[Records shown — start]

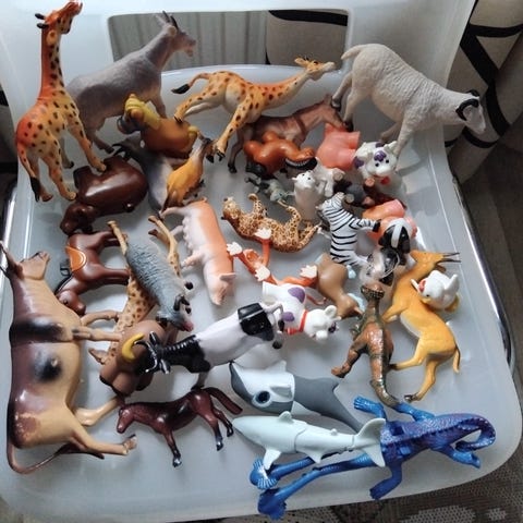 Erilaisia eläinhahmoja sisältävä lelukokoelma, jossa on muun muassa norsu, tiikeri, kirahvi, hai, hevonen ja muita eläimiä. Lelut ovat eri kokoisia ja värisiä, valmistettu muovista. Soveltuvat lasten leikkeihin ja eläinaiheiseen leikkiin.
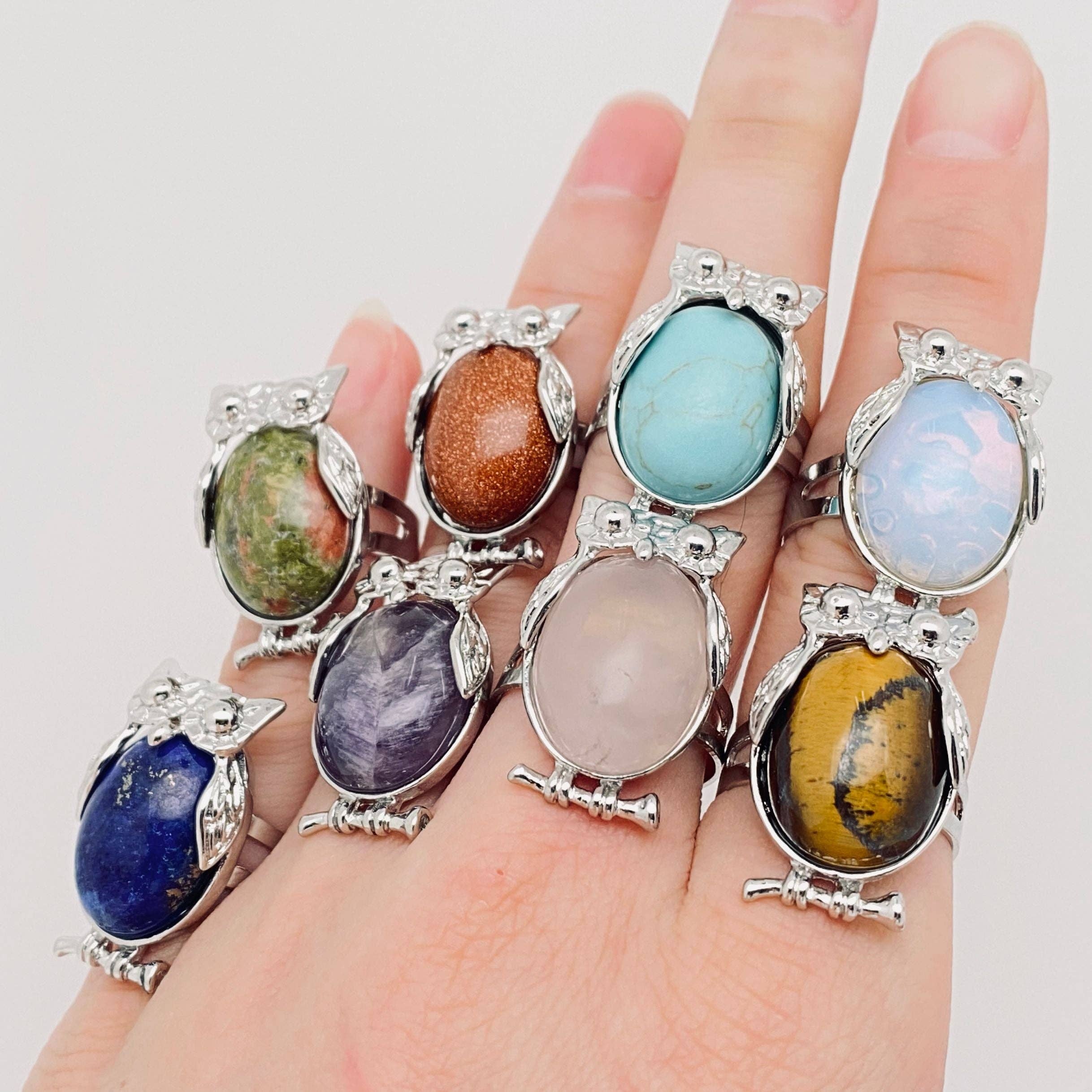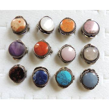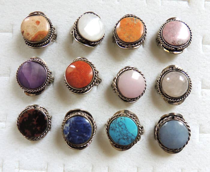 This is for a mix of 20 crystal silver plated copper rings. Ring bulk set will be randomly selected by our team. Select crystal type at checkout. Crystal rings available: Moss Agate, Rose Quartz, Aventurine, Jade, Obsidian, Carnelian, & Moss Agate Rings will be an assortment of sizes and may range from 6-14 with majority being 6/7/8/9. Price listed is for one ring with minimum order of quantity 20 . Selection at checkout is for the quantity you want. Ex. 60 equals 60 TOTAL rings.
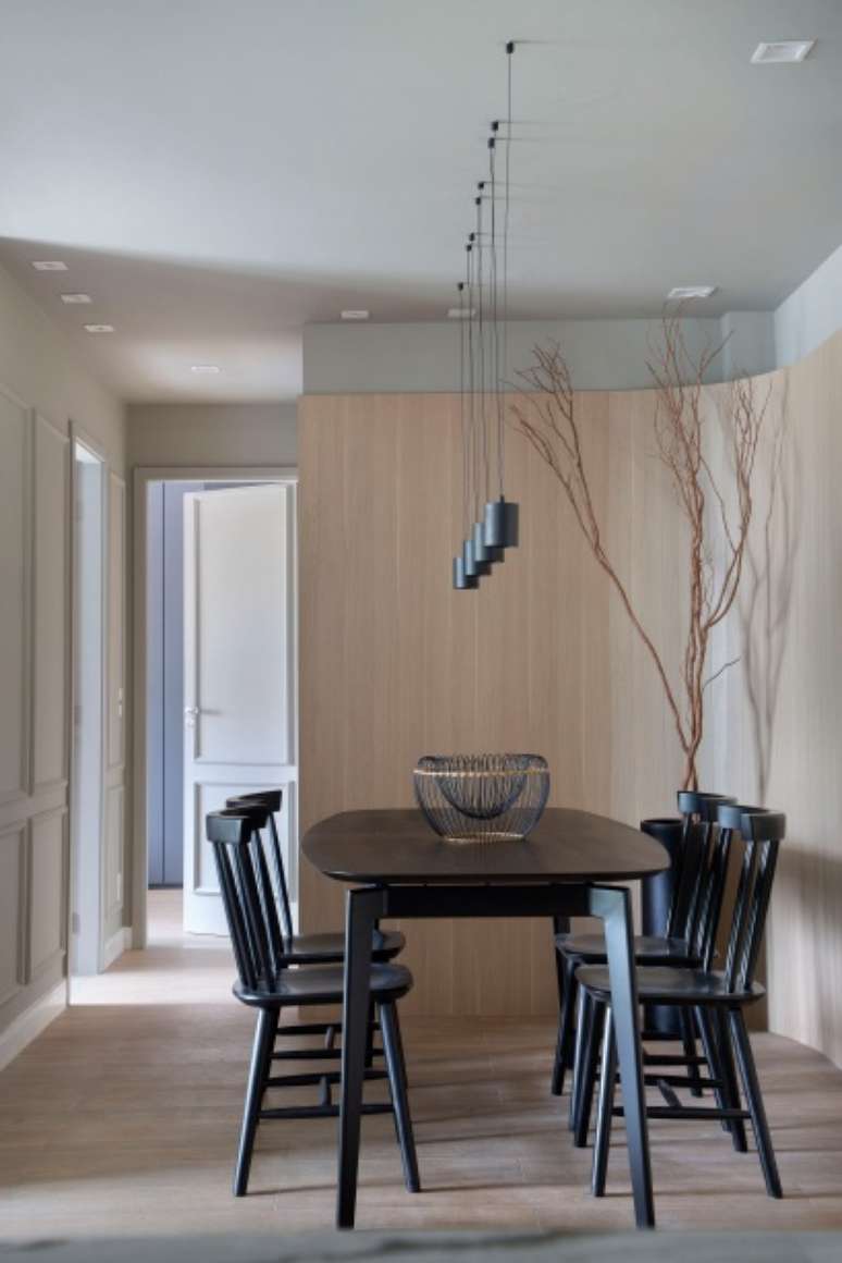 No geral, o escritório elegeu uma paleta de cores sóbrias para transmitir elegância. Executado em marcenaria, o painel de parede curvo que "abraça" a sala de jantar e vai até a cozinha não só deixou o espaço mais acolhedor como também ajudou a esconder os pilares das paredes.
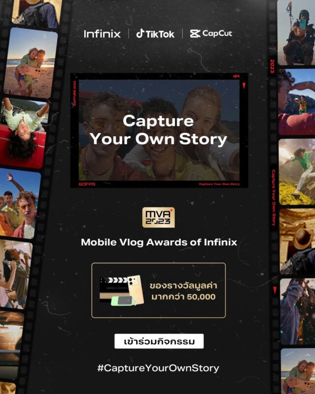 ทั้งนี้ อินฟินิกซ์ยังตั้งใจมอบความพิเศษด้วยการจัด Global Vlog Campaign ซึ่งเป็นแคมเปญประกวด Vlog ระดับโลก ที่มีการจัดขึ้นในหลายประเทศ รวมถึงในประเทศไทยก็เข้าประกวดด้วยเช่นกัน โดยมีจุดประสงค์เพื่อส่งเสริมให้คนรุ่นใหม่ถ่ายทอดเรื่องราวของตนเอง เพราะเราเชื่อมั่นว่าทุกคนสามารถเป็นนักเล่าเรื่องได้ โดย Infinix จับมือกับ TikTok และ CapCut ในการสร้างเทมเพลตสุดพิเศษ 4 แบบ ให้ทุกคนได้เลือกใช้ และร่วม challenge ด้วยกัน ซึ่งประเทศไทยจะเริ่มแคมเปญในวันที่ 25 กันยายน 2566 โดยใช้แฮชแท็ก #CaptureYourOwnStory โดยผู้ชนะจะได้รับรางวัลรวมมูลค่าสูงสุด 50,000 บาท สำหรับผู้ที่สนใจสามารถติดตามรายละเอียดกิจกรรมได้เร็ว ๆ นี้ ทางช่องทางของอินฟินิกซ์
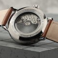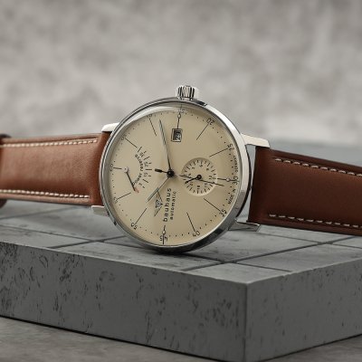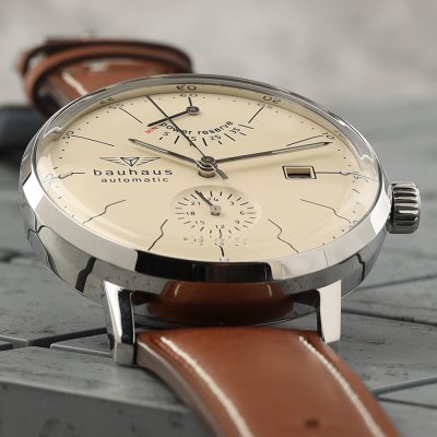 This Bauhaus watch has a case made of stainless steel with a diameter of 41 mm and is fitted with a leather band. Inside the case lies a Miyota movement and the watch features a K1 Mineral crystal.
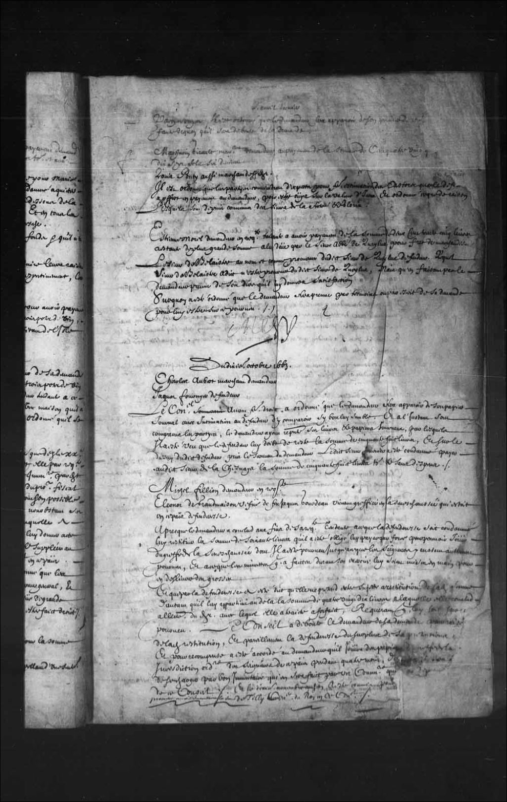 - Transcription du texte avec orthographe modernisée : «Michel FILLION, demandeur en requête. Eléonore de GRANDMAISON veuve de feu Jacques Gourdeau vivant greffier en la sénéchaussée qui était en ce pays défenderesse. Après que le demandeur a conclu aux fins de sa requête tendante à se que la défenderesse soit condamnée lui restituer la somme de soixante livres qu'il a été obligé lui payer par force pour pouvoir jouir du greffe de la sénéchaussée dont il a été pourvu jusqu'à ce que les seigneurs y eussent autrement pourvu, et à ce que les minutes qu'il a faites durant son exercice lui soient mises en main pour en délivrer des grosses, et que par la défenderesse a été dit qu'elle ne prétend être sujette a restitution de ladite somme d'autant qu'il lui appartient au delà la somme de quatre-vingt-dix livres à laquelle elle conclu à l'encontre du demandeur avec lequel elle a traité à forfait, requérant qu'il lui soit sur ce pourvu. Le Conseil a débouté le demandeur de sa demande pour raison de ladite restitution, et pareillement la défenderesse du surplus de ses prétentions et pour récompense a été accordé au demandeur qu'il jouira des papiers du greffe de la juridiction ordinaire des seigneurs de ce pays pendant quatre mois, desquels il sera tenu de se charger par bon inventaire qui en sera fait par un commissaire qui sera député de ce Conseil. Et le dixième novembre audit an a été commis pour procéder audit inventaire le sieur de Tilly conseiller du Roi en ce Conseil.»

[Records shown — finish]

Leaving all pictures out, output exactly the lines of the material above from the line with "This is for" to the line with "This Bauhaus watch", both included.

 This is for a mix of 20 crystal silver plated copper rings. Ring bulk set will be randomly selected by our team. Select crystal type at checkout. Crystal rings available: Moss Agate, Rose Quartz, Aventurine, Jade, Obsidian, Carnelian, & Moss Agate Rings will be an assortment of sizes and may range from 6-14 with majority being 6/7/8/9. Price listed is for one ring with minimum order of quantity 20 . Selection at checkout is for the quantity you want. Ex. 60 equals 60 TOTAL rings.
 No geral, o escritório elegeu uma paleta de cores sóbrias para transmitir elegância. Executado em marcenaria, o painel de parede curvo que "abraça" a sala de jantar e vai até a cozinha não só deixou o espaço mais acolhedor como também ajudou a esconder os pilares das paredes.
 ทั้งนี้ อินฟินิกซ์ยังตั้งใจมอบความพิเศษด้วยการจัด Global Vlog Campaign ซึ่งเป็นแคมเปญประกวด Vlog ระดับโลก ที่มีการจัดขึ้นในหลายประเทศ รวมถึงในประเทศไทยก็เข้าประกวดด้วยเช่นกัน โดยมีจุดประสงค์เพื่อส่งเสริมให้คนรุ่นใหม่ถ่ายทอดเรื่องราวของตนเอง เพราะเราเชื่อมั่นว่าทุกคนสามารถเป็นนักเล่าเรื่องได้ โดย Infinix จับมือกับ TikTok และ CapCut ในการสร้างเทมเพลตสุดพิเศษ 4 แบบ ให้ทุกคนได้เลือกใช้ และร่วม challenge ด้วยกัน ซึ่งประเทศไทยจะเริ่มแคมเปญในวันที่ 25 กันยายน 2566 โดยใช้แฮชแท็ก #CaptureYourOwnStory โดยผู้ชนะจะได้รับรางวัลรวมมูลค่าสูงสุด 50,000 บาท สำหรับผู้ที่สนใจสามารถติดตามรายละเอียดกิจกรรมได้เร็ว ๆ นี้ ทางช่องทางของอินฟินิกซ์
 This Bauhaus watch has a case made of stainless steel with a diameter of 41 mm and is fitted with a leather band. Inside the case lies a Miyota movement and the watch features a K1 Mineral crystal.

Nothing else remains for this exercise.